One prevalent argument for conjugal visits suggests that it would temper the reported spreading of homosexuality in prisons, but El-Magdoub disagrees, saying that it is the close quarters that lead to such cases. He suggested that funds which would go towards building guest houses would be better spent building new prisons with enough room for sleeping, showering and exercise. He noted that there are also more complications than simply building facilities.
"Women would not allow themselves to be searched, and they would feel humiliated by the guards' looks and taunts," El-Magdoub explained. He added that bribery is rampant in prisons and that "illegal entries" -- prostitutes, for example -- could become a problem. Zarei echoed El-Magdoub's concerns, saying that women would be too ashamed to visit their husbands and prison guards are not capable of handling such a delicate situation.
Though the debate over conjugal visits has been resurrected by the mufti's fatwa, the practice was unofficially tolerated up to the early 1990s by some prisons. Prominent Islamist activists Omar Abdel-Rahman and Ahmed El-Rayan both fathered children during their incarceration and it is claimed that other Islamist leaders, like Aboud El-Zumur, Nageh Ibrahim, Osama Hafez and Hamdi Abdel-Rahman were permitted conjugal visits. Zarei claims that in some prisons, like Torah Prison, Islamist prisoners would meet their wives in tents made up for this purpose. "It was a matter of fact, though not officially legal." One famous case regarding conjugal visits was the 1952 imprisonment of Defence Minister Hussein Serri Amer, when a decree by the king allowed Amer to meet with his wife.
The liberties permitted prisoners are regulated by the Ministry of the Interior, which is responsible for the Prisons Authority. According to El-Magdoub, in the 1970s, when former Prime Minister Mamdouh Salem was the interior minister, a committee was formed to look into allowing conjugal visits. The committee, consisting of officials from the ministry, the Prisons Authority and the Centre for Social and Criminological Research, concluded that the problems resulting from conjugal visits were endless. They determined that the only solution was to allow house-visits for prisoners who have a record of good behaviour.

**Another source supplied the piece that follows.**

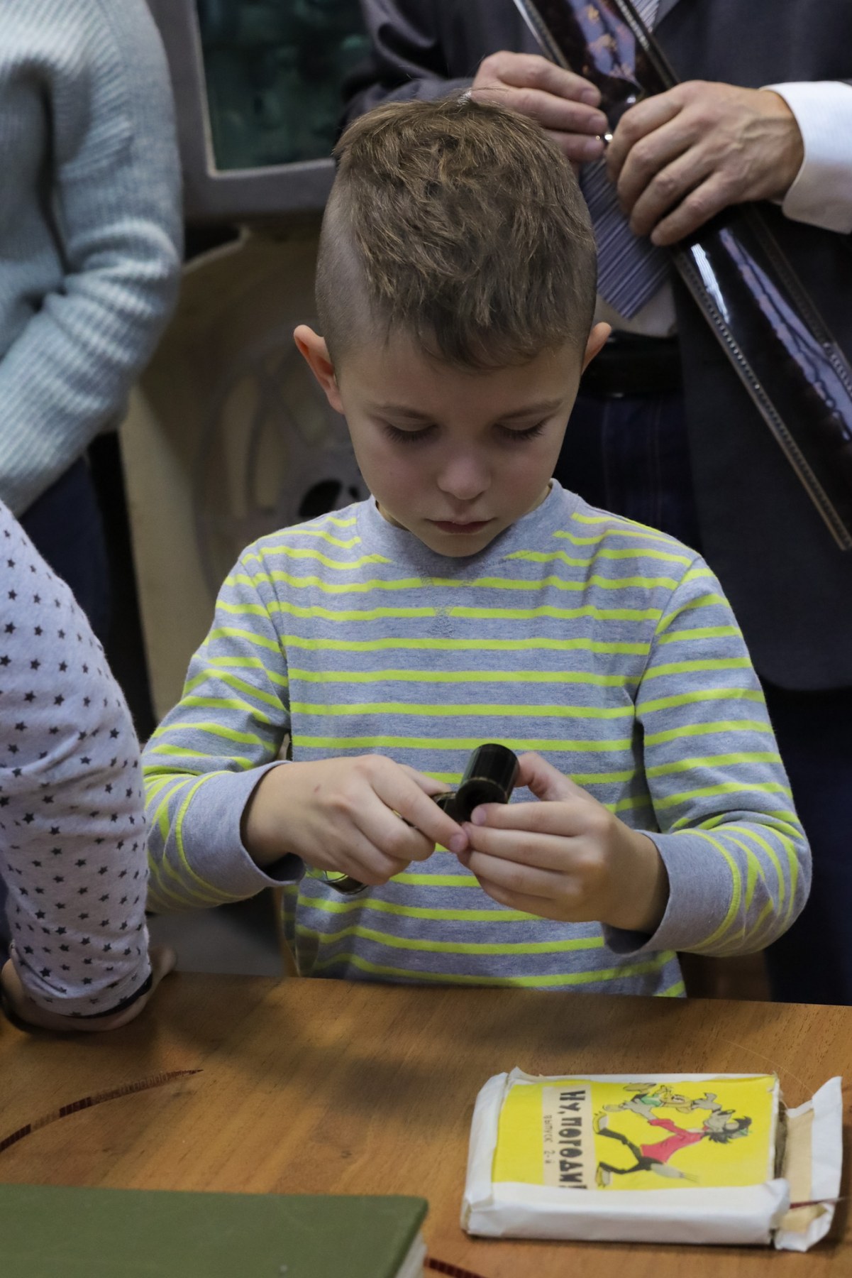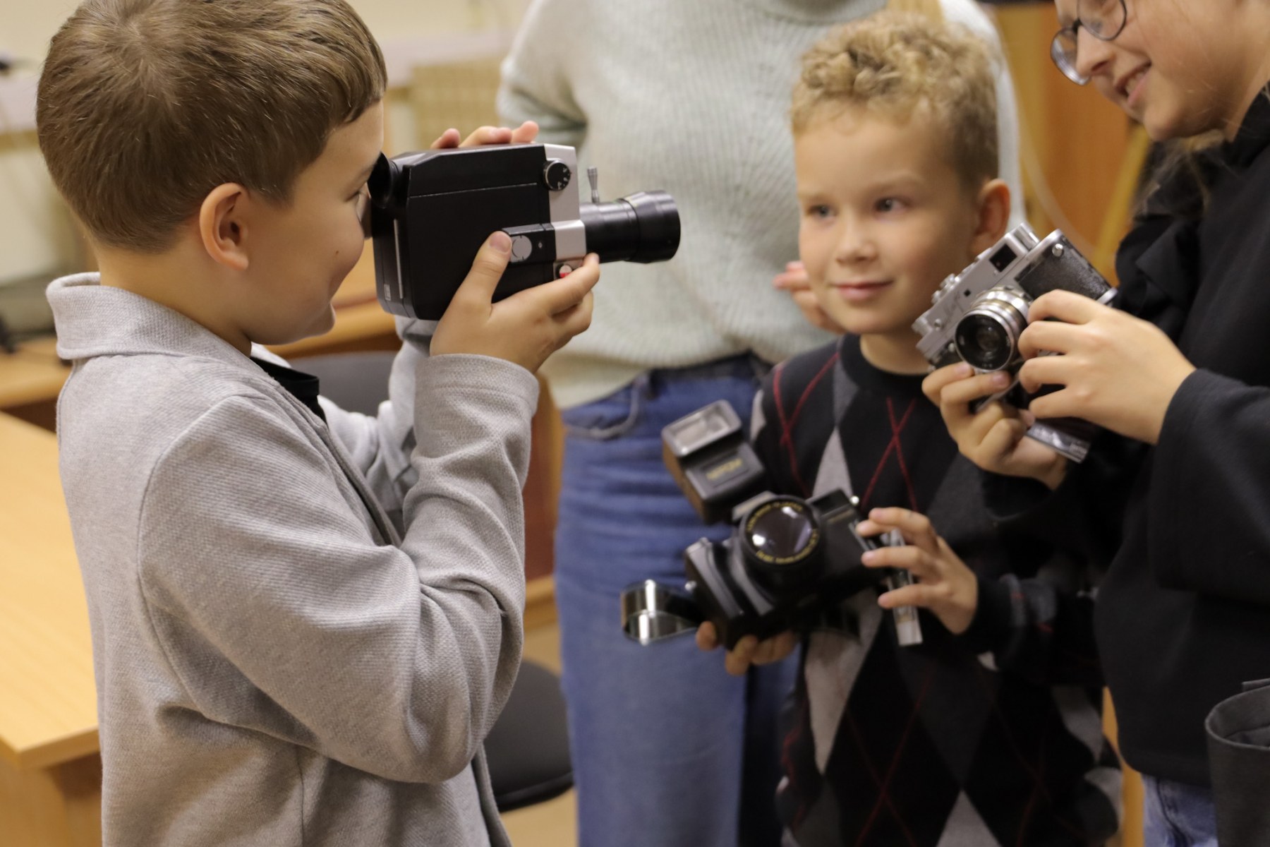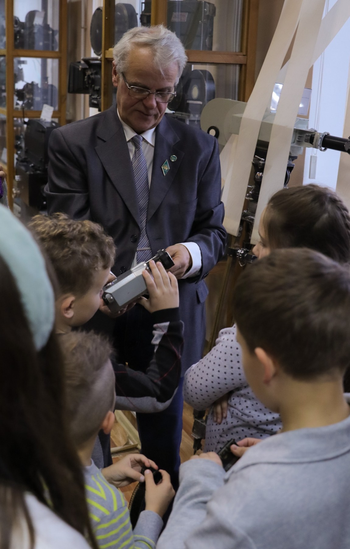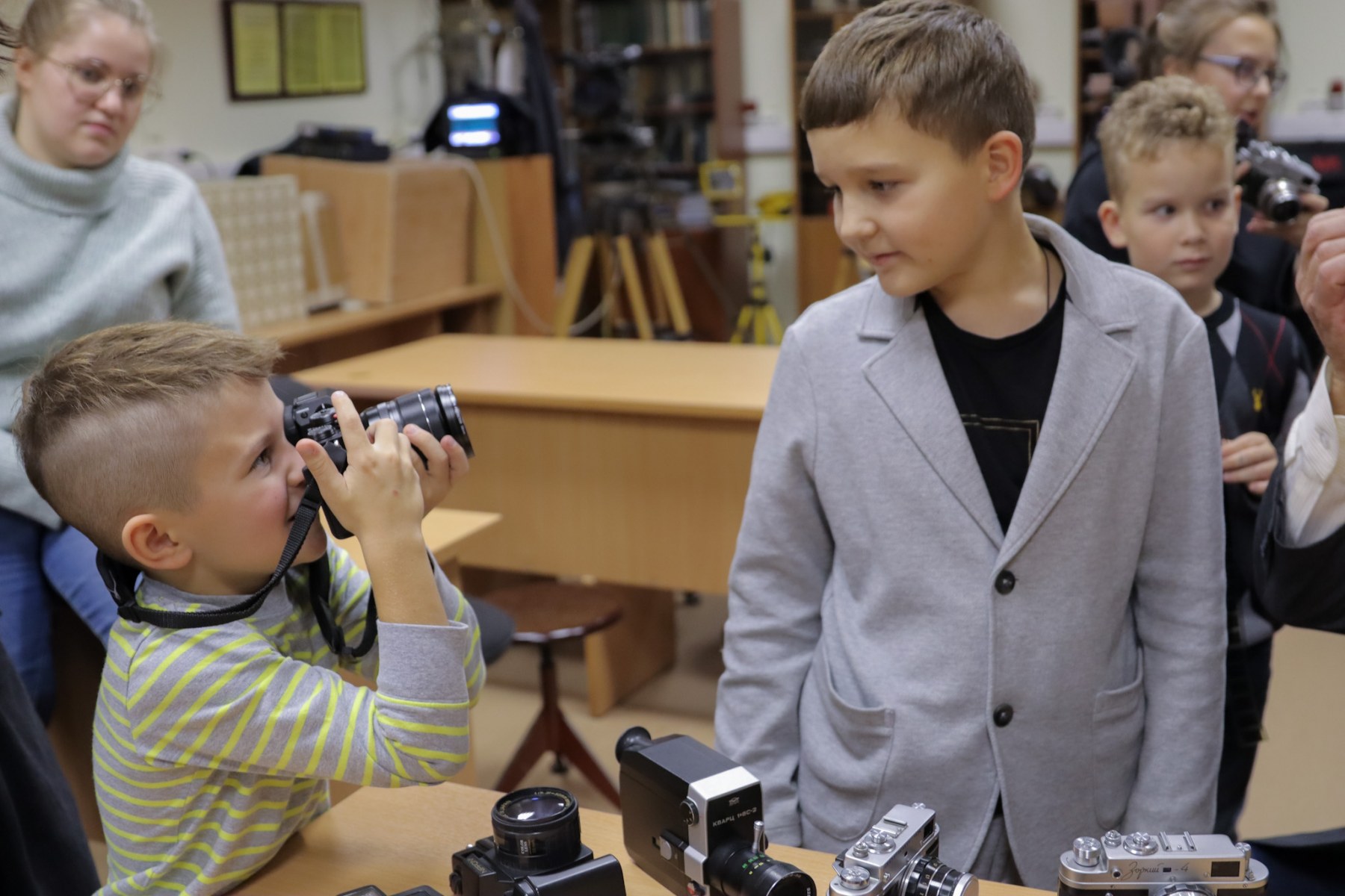 С огромным интересом маленькие «киношники» осмотрели и «потрогали» экспонаты музея отечественной кинотехники, а затем, плавно переместившись в лабораторию фототехники, под руководством старшего преподавателя кафедры Константина Кимовича Гудинова прошли мастер-класс по ознакомлению с любительской кино- и фототехникой: примерили на себя роль фотографов прошлого столетия и научились пользоваться современным фотоаппаратом моментальной фотографии. Особый восторг детей вызвала самостоятельная демонстрация серии мультфильма «Ну, погоди!» на узкоплёночном кинопроекторе.
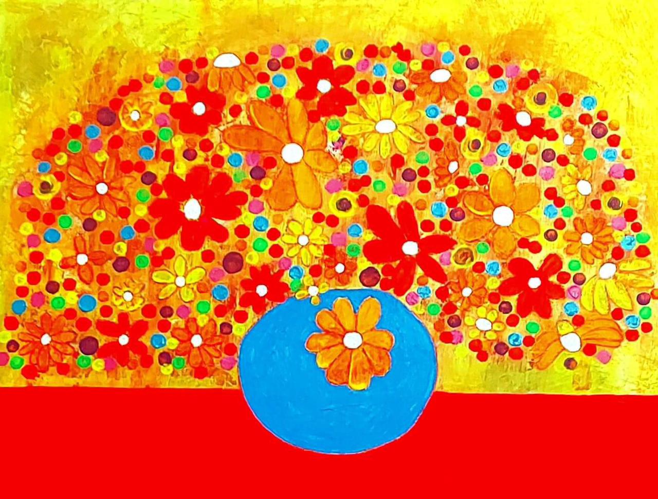 Artworks express sunny vibrant colors and mosaic cubism techniques .

The Ministry of the Interior's Abdel-Gawwad told the Weekly that "no such thing ever happened", but El-Magdoub, who was a member of the committee, insists that a ministerial decree by Salem instituted the house-visit system and that the programme was very successful. "No prisoner would be allowed a house-visit except those who had proven their good behaviour," El-Magdoub explained. Naturally, the idea of getting out for a few days appealed to all prisoners and many were on their best behaviour. El-Magdoub says that out of hundreds of prisoners who went out under the system, only one tried to escape. If the system was ever implemented, which is a matter of dispute, it no longer exists, and has not been implemented since Salem left office.